*** Opening Entries provided ***

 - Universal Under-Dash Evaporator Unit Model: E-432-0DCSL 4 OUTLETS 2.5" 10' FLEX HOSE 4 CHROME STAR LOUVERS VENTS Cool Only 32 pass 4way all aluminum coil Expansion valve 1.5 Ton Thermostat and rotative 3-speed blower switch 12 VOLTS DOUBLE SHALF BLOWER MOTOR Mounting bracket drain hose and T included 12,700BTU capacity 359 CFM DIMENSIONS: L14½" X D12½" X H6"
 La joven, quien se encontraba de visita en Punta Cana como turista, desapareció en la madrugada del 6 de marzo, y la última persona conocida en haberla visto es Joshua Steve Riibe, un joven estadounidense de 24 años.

*** Closing Entries provided ***
*** Opening Entries provided ***

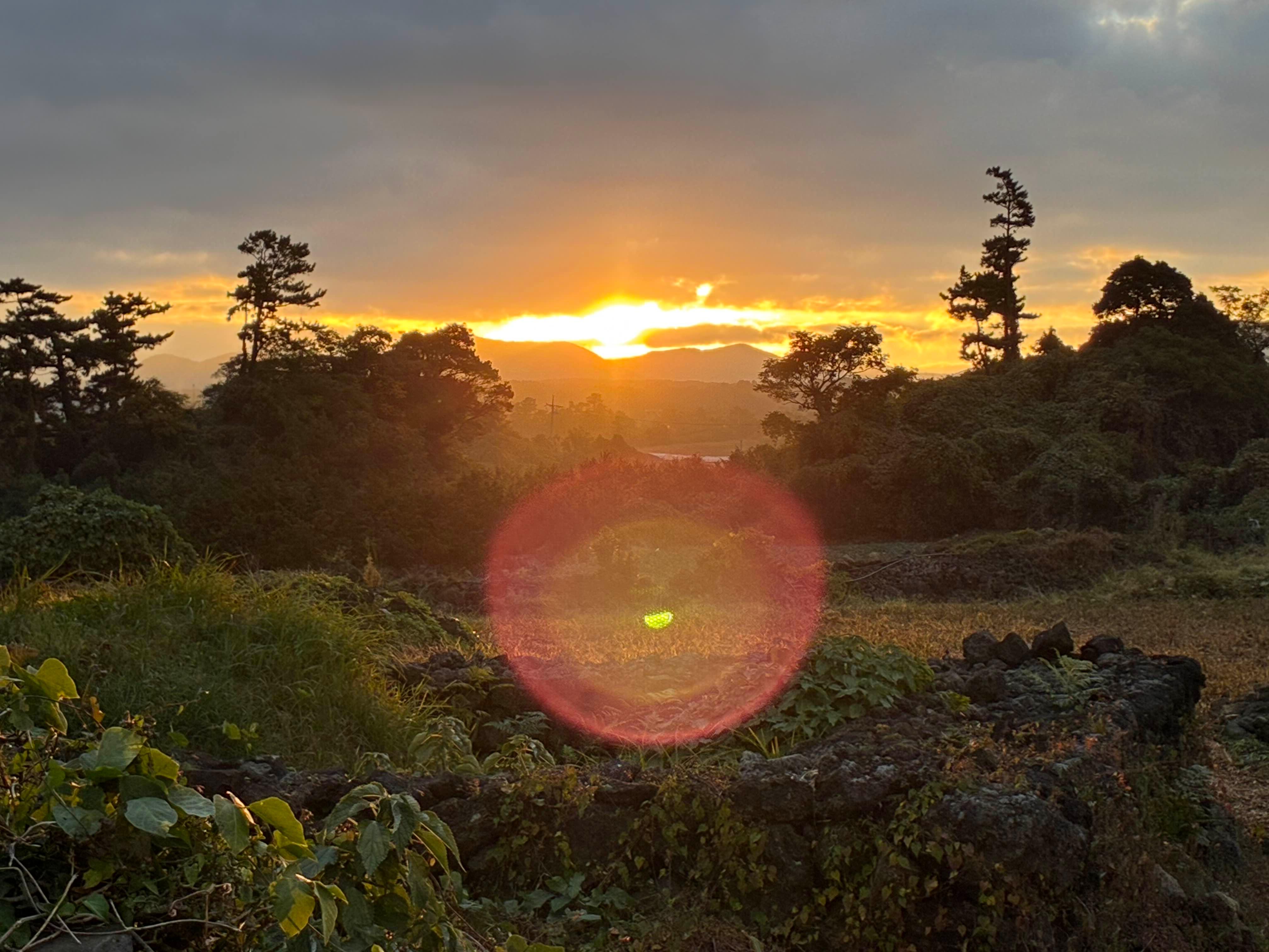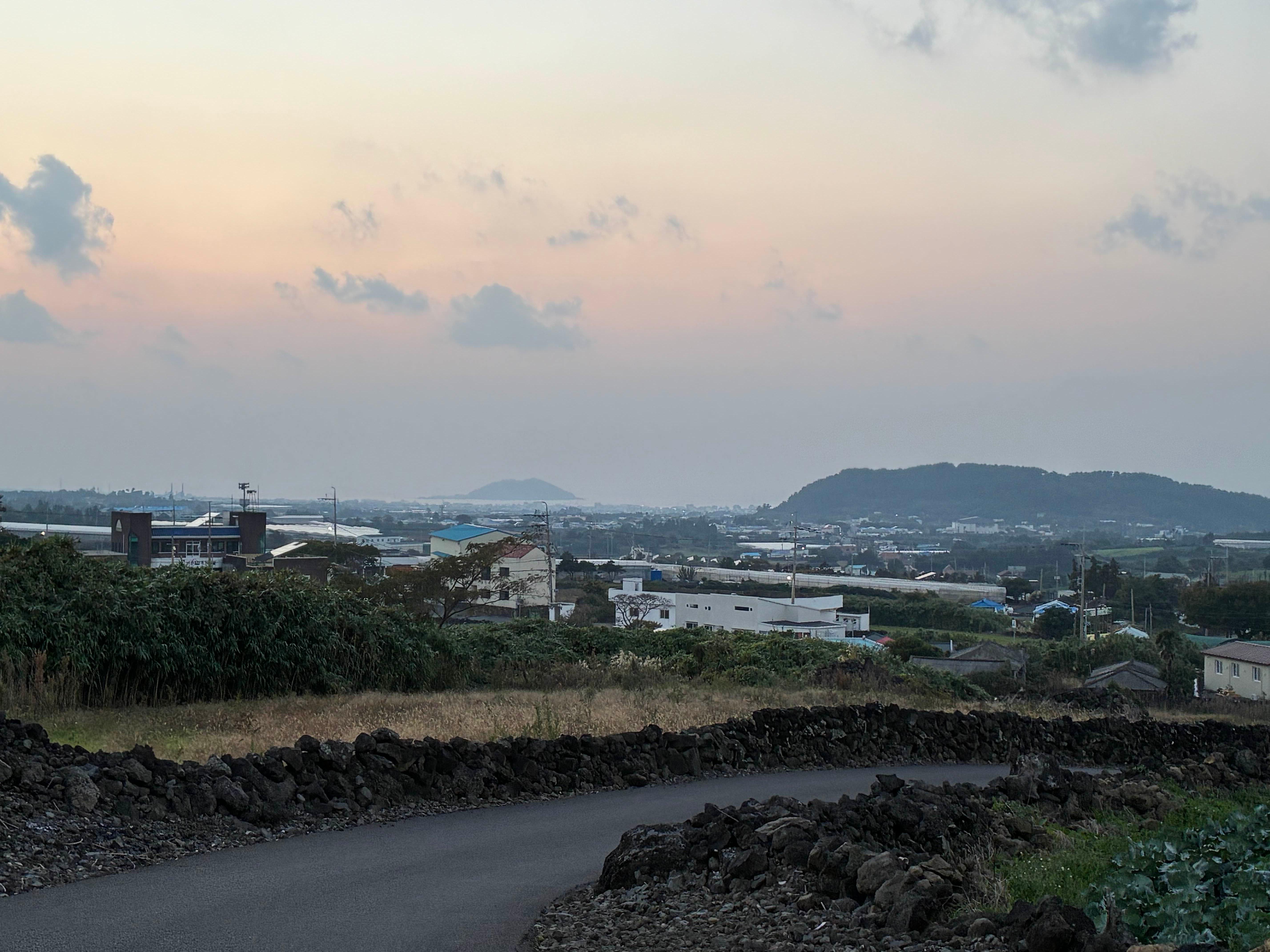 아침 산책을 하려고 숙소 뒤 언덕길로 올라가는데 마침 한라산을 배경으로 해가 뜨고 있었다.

*** Closing Entries provided ***

▸ Directions for this task
Whatever else the listing above holds, retype exactly only the lines from the one containing "- Universal Under-Dash" to the one containing "La joven, quien", both ends kept.

▸ Solution
 - Universal Under-Dash Evaporator Unit Model: E-432-0DCSL 4 OUTLETS 2.5" 10' FLEX HOSE 4 CHROME STAR LOUVERS VENTS Cool Only 32 pass 4way all aluminum coil Expansion valve 1.5 Ton Thermostat and rotative 3-speed blower switch 12 VOLTS DOUBLE SHALF BLOWER MOTOR Mounting bracket drain hose and T included 12,700BTU capacity 359 CFM DIMENSIONS: L14½" X D12½" X H6"
 La joven, quien se encontraba de visita en Punta Cana como turista, desapareció en la madrugada del 6 de marzo, y la última persona conocida en haberla visto es Joshua Steve Riibe, un joven estadounidense de 24 años.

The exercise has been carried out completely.